Cela commence par la pratique de l’anthropomorphisme (figure de style chère à M. Paccalet), qui fait que « le cosmos s’amuse et les galaxies s’esclaffent… ». Je n’avais jamais remarqué qu’un objet, fût-il stellaire, eût la capacité de « se gondoler »… Mais soyons un peu cohérents tout de même ! N’est-il pas paradoxal que toutes ces merveilles de notre univers qui nous dominent et nous écrasent de leur intangible valeur intrinsèque, aient fini par s’approprier un trait aussi bêtement humain que… le rire ! « L’objet [et non le sujet bien sûr…] négligeable dans le grand univers » a quand même un attribut que lui envie les galaxies : il sait rire ! Il se poile à la première occasion ce gros blaireau…

Quelques simples questions, M. Paccalet :

  • Nous n’avons pas forcément la prétention d’être la « raison d’être […] des quarks, et particules … », mais qui d’autres que les rejetons de « l’infecte engeance humaine » a découvert, expérimenté et rendu explicites des notions aussi complexes et abstraites ?
  • Qui est ce « sale » qui invente, en vrac, le tout à l’égout, la chasse-d’eau et les produits chimiques pour fosse septique ? Pourquoi dépensons-nous autant d’énergie à fabriquer et échanger du savon, des parfums et des produits de beauté ?
  • Pourquoi ces monstrueuses bêtes, assoiffées en permanence de sexe, avides de se reproduire, ont-elles inventé, fabriqué et vendu des millions de pilules contraceptives, de diaphragmes et autres préservatifs ? Et comment de pareilles bêtes teigneuses ont-elles pu se forger des croyances aussi farfelues que le célibat des prêtres ou l’abstinence sexuelle ?
  • Qui donc découvre le plastique et la pétrochimie et préserve ainsi quantité de matières naturelles que nous savons rares et difficilement accessibles ?

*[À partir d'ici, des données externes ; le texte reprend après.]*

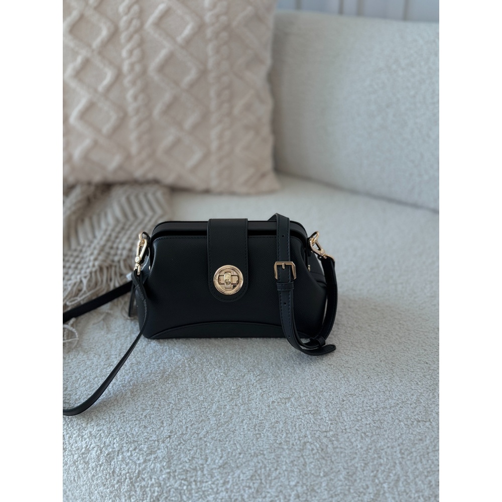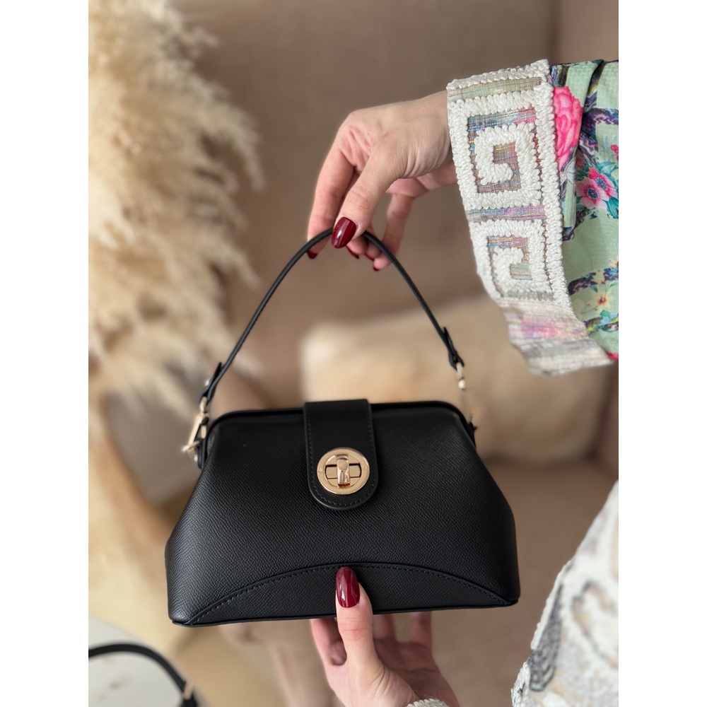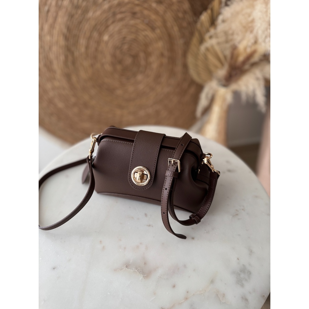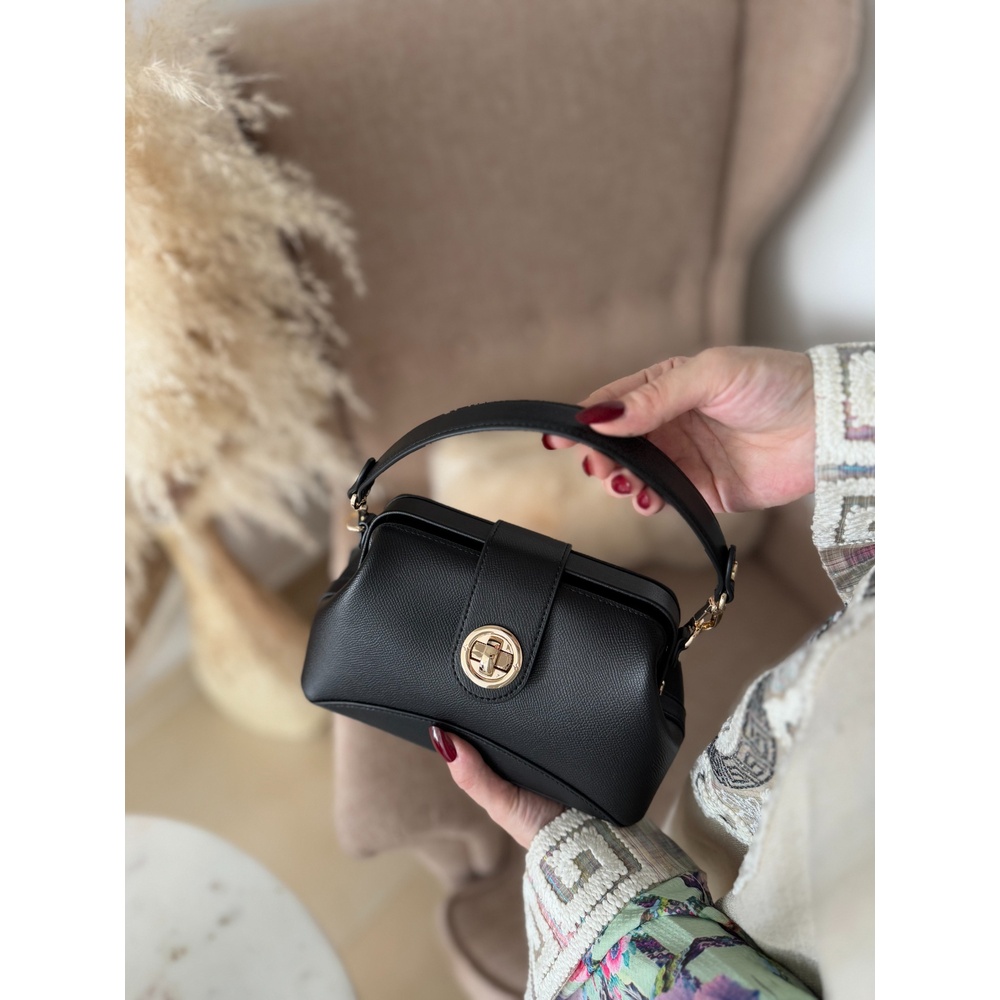 Genuine leather small crossbody bag with an elegant kiss-lock closure, top handle, and adjustable strap.

Comment, en un mot, étant aussi destructeur, avons-nous réussi à prospérer au milieu de cette nature qui parait-il « nous rejette » ?
Il semble que M. Paccalet n’a malheureusement pas eu le temps de se poser des questions avant d’écrire ses sornettes ! Il est vrai qu’y répondre en s’interdisant la mauvaise foi intellectuelle et la facilité de langage demande le temps de la réflexion et de la rigueur…
M. Paccalet préfère concourir pour le prix Nobel de l’auto-contradiction lorsqu’après avoir pris la posture du sage scientifique et rationnel, il s’inquiète soudain de savoir qui sera là « pour reconnaitre que notre auto-destruction était notre plus bel exploit ? ».
Bonne question ! Qui donc hein ? Dieu peut être ? Manitou ?… Et bien M. Paccalet, qui a réponse à tout, a la solution ! Je vous le donne en mille : la Terre elle-même dont nous sommes parait-il « l’hôte par erreur » ! Il nous la divinise vite fait, la pare de grandes vertus humaines pour lui faire dire qu’elle « va nous donner une claque » comme à un garnement impoli… Pour quelqu’un qui méprise ouvertement toute forme de mysticisme, qu’il soit chrétien, islamique, juif ou amérindien, c’est quand même balaise ! Prenons simplement acte que M. Paccalet est un être humain normal, comme chacun de nous, prêt à succomber au premier délire religieux : et pour M. Paccalet c’est le culte de Gaïa ou la secte des éco-guerriers, au choix…

L’imposture écologique

Au nom de la science, M. Paccalet déclare que nous détruisons notre « Maison Commune » « par nos saccages », notre « croissance » notre « progrès ».
Nous voilà rendus responsables en vrac : « de la guerre nucléaire, du réchauffement climatique, de l’effondrement de la biodiversité, de l’empoisonnement de l’air et de l’eau. » Et avec cela qu’est ce que je vous mets ? Je n’ai ni ses diplômes, ni son immense savoir scientifique mais deux ou trois faits m’interpellent…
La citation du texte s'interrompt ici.